Problem details – In the records that follow, find the line containing "The air conditioning harness assembly connects" and the line containing "2016汉纳尼可赤霞珠珍藏干红葡萄酒", then transcribe both and every line between them exactly, omitting pictures.

Stored items from a collection:
────────────────────────────────────────

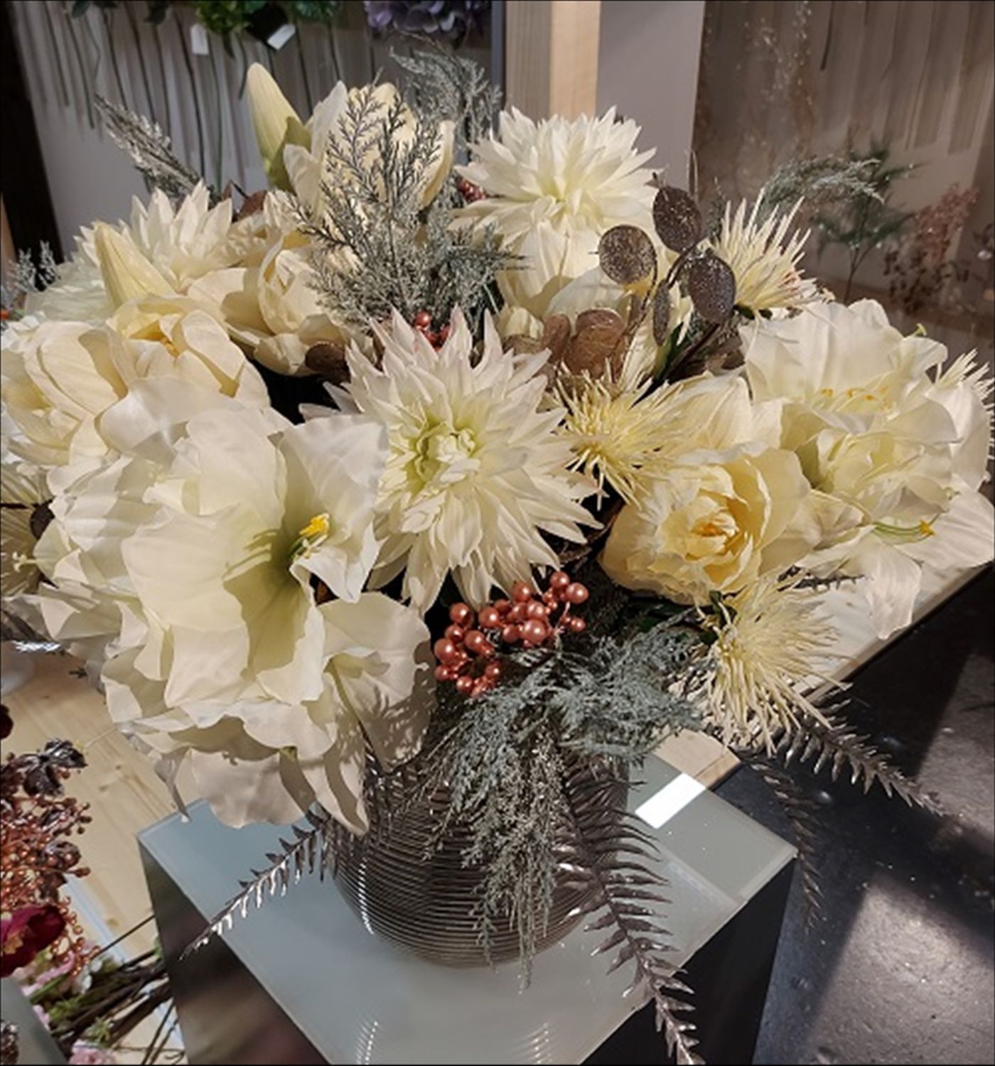 Descubra más exuberantes arreglos de flores artificiales de H.Andreas aquí .
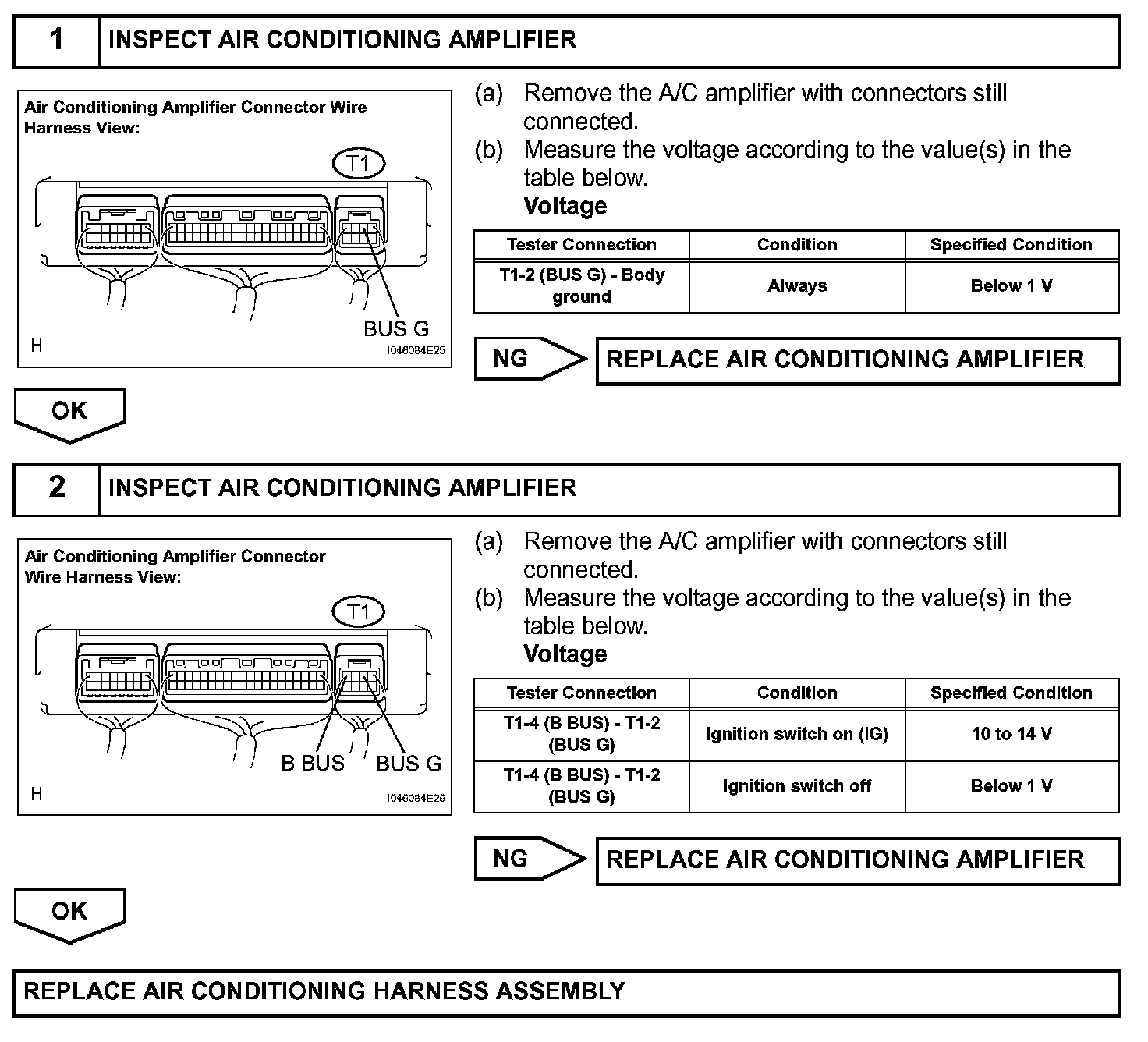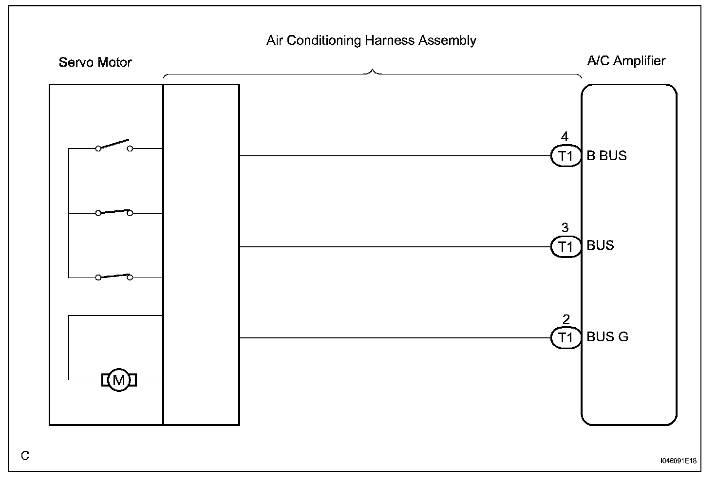The air conditioning harness assembly connects the air conditioning amplifier and each servomotor. The A/C amplifier supplies power and sends operation instructions to each servomotor through the air conditioning harness assembly. Each servomotor sends the damper position information to the A/C amplifier.
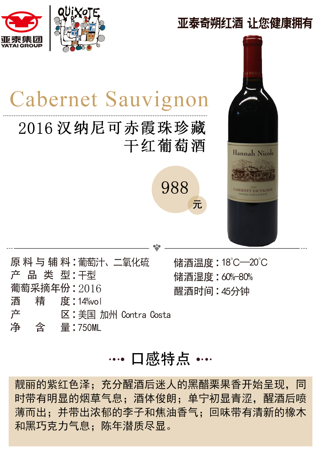 2016汉纳尼可赤霞珠珍藏干红葡萄酒
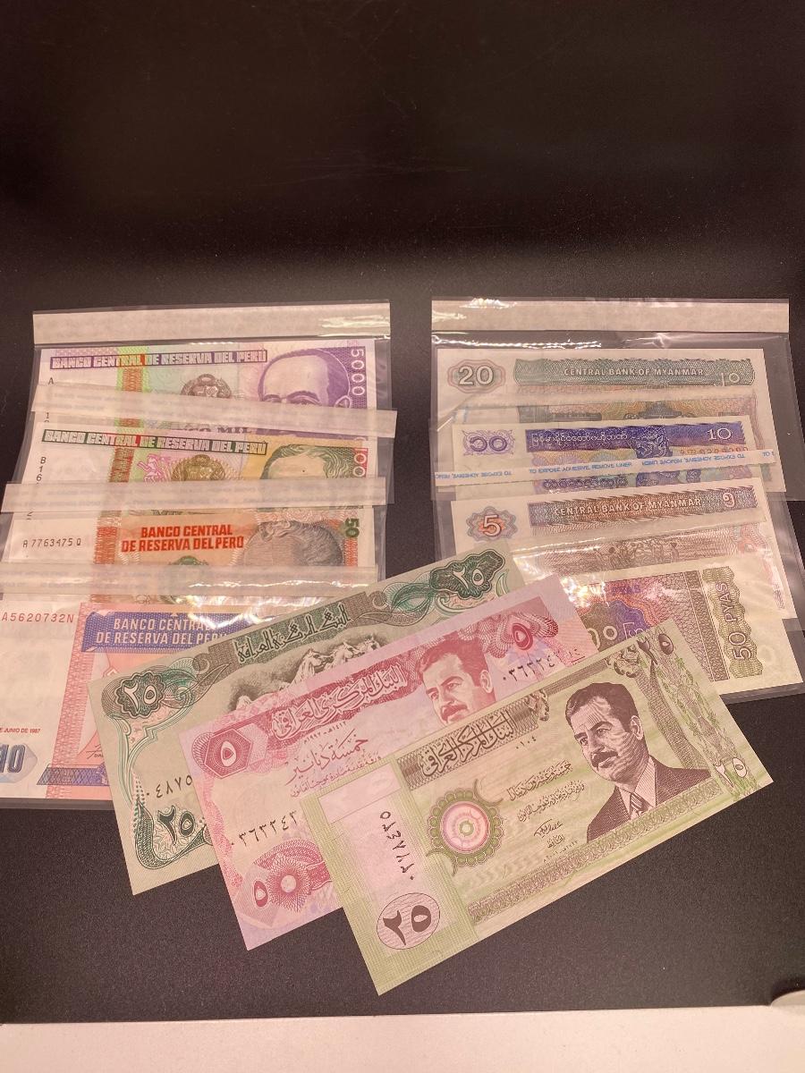 Foreign Money from Peru, Myanmar, and Iraq. All bills are in exceptional condition. See Photos. Some are currency no longer used by the country.
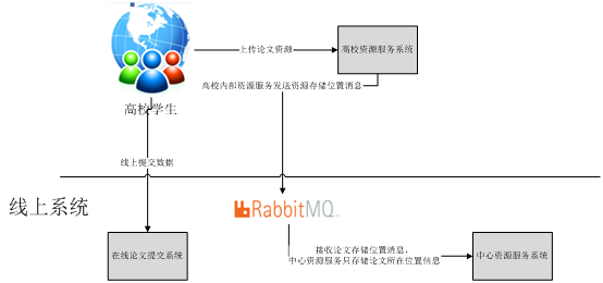 為了提高對高校使用論文提交系統(tǒng)的支持及快速響應(yīng),論文提交系統(tǒng)在線部署,高校對論文的提交、學(xué)校信息、學(xué)生信息等的管理使用線上服務(wù),可以做到有問題及時響應(yīng)。同時為了滿足高校對論文安全性的要求,本系統(tǒng)中將資源存儲從線上服務(wù)獨立出來形成了資源服務(wù)系統(tǒng),部署在高校。學(xué)生上傳的論文資源直接存儲在高校部署的資源服務(wù)系統(tǒng)中,從而達(dá)到在線提供優(yōu)質(zhì)服務(wù),線下提供資源管理服務(wù)提升論文安全性。
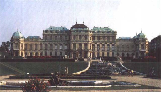 只是到了下一代,建筑家们才完全吸收了这个经验教训,因为巴洛克风格的罗马教堂和法国城堡已激发了当时的想像力。在德国南部,每一个小君主都想拥有一所他自己的凡尔赛宫;在奥地利和西班牙,每一座小修道院都想跟博罗米尼和贝尔尼尼的感人至深的壮丽设计争奇斗胜。1700年前后那一段时期是最伟大的建筑时代之一;而且还不单单是建筑的伟大时代。当时的城堡和教堂不是简单地设计成建筑物而已,而是要求所有艺术部门都做出贡献,以便建成一个异想天开的人造世界。整座整座的城镇仿佛都被用做舞台布景,大片大片的田园被改造成花园,溪流则改造成小瀑布。艺术家得到充分自由去尽情地设计,把他们的最出人意表的想像用石头和金色的灰泥去化为现实。往往在他们的计划还未成为现实时,金钱就已经花光了;但是爆发了那一阵奢侈的创造热潮以后,结果促进了欧洲天主教地区许多城镇和风景的面貌的改观。特别是在奥地利、波希米亚和德国南部,意大利和法国的巴洛克风格的观念融合成为最大胆、最一致的风格。图293是奥地利建筑家卢卡斯·冯·希尔德布兰特(Lucas von Hildebrandt, 1668-1745)在维也纳为马尔波罗(Marlborough)的盟友萨瓦(Savoy)王侯欧根(Eugene)建造的城堡。这座城堡矗立在一座山上,好像轻盈地翱翔于一个有喷泉和矮树篱的梯形花园之上。希尔德布兰特把它明确地组合成7个不同的部分,使人联想到花园中的亭台;有5个窗户的中央部分向前突出,两边辅以2个略矮的翼部,而这个组合又在两侧辅以较矮的部分和4个构成整个建筑边框的塔楼式的角亭。中央的楼台和两边的角亭是装饰最富丽的部分,建筑物形成一个复杂的图形,然而轮廓仍然十分清楚、明晰。就连希尔德布兰特用来装饰细部的奇特的怪诞装饰,那向下渐细的半柱、窗户上断续的旋涡式弧形檐饰和沿屋顶排列的雕像与战利品装饰,也完全没有破坏建筑物的清晰性。
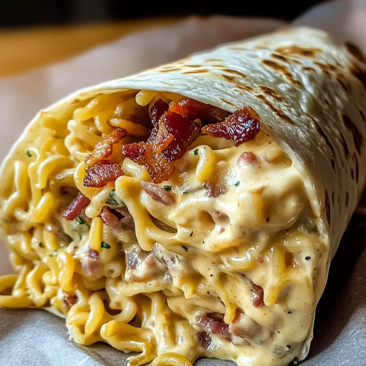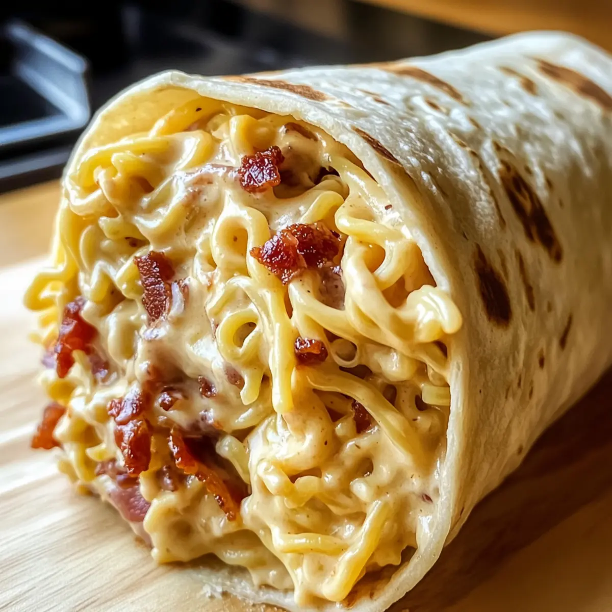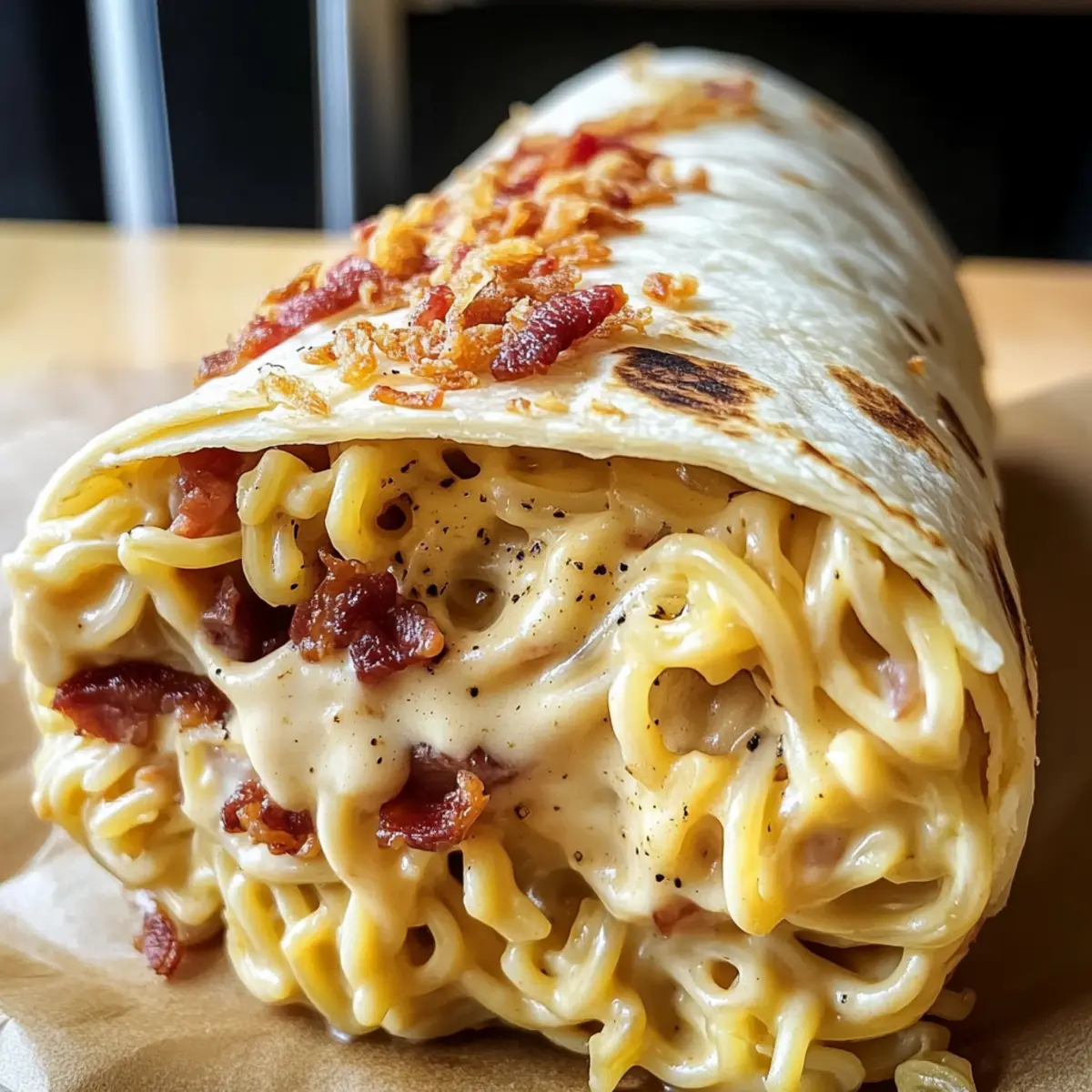 Das Ramen Carbonara Burrito kombiniert cremige Carbonara mit zarten Ramen-Nudeln, umwickelt in einer Tortilla.
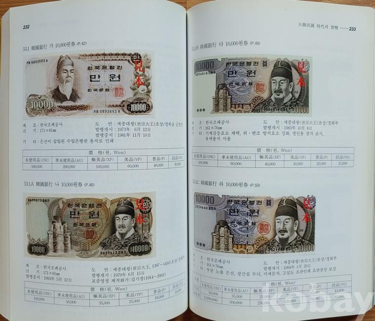 고려시대부터 현재까지 모든 화폐가 사진과 함께 가격이 평가 되어 있습니다.
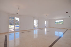 El salón es enorme y se abre a la gran terraza cubierta y al jardín con piscina privada y buenas vistas al mar.
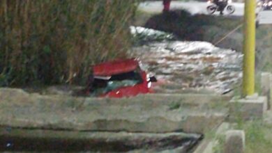 Perdió el control de su auto, volcó y terminó en un canal con agua

────────────────────────────────────────

Answer area –
The air conditioning harness assembly connects the air conditioning amplifier and each servomotor. The A/C amplifier supplies power and sends operation instructions to each servomotor through the air conditioning harness assembly. Each servomotor sends the damper position information to the A/C amplifier.
 2016汉纳尼可赤霞珠珍藏干红葡萄酒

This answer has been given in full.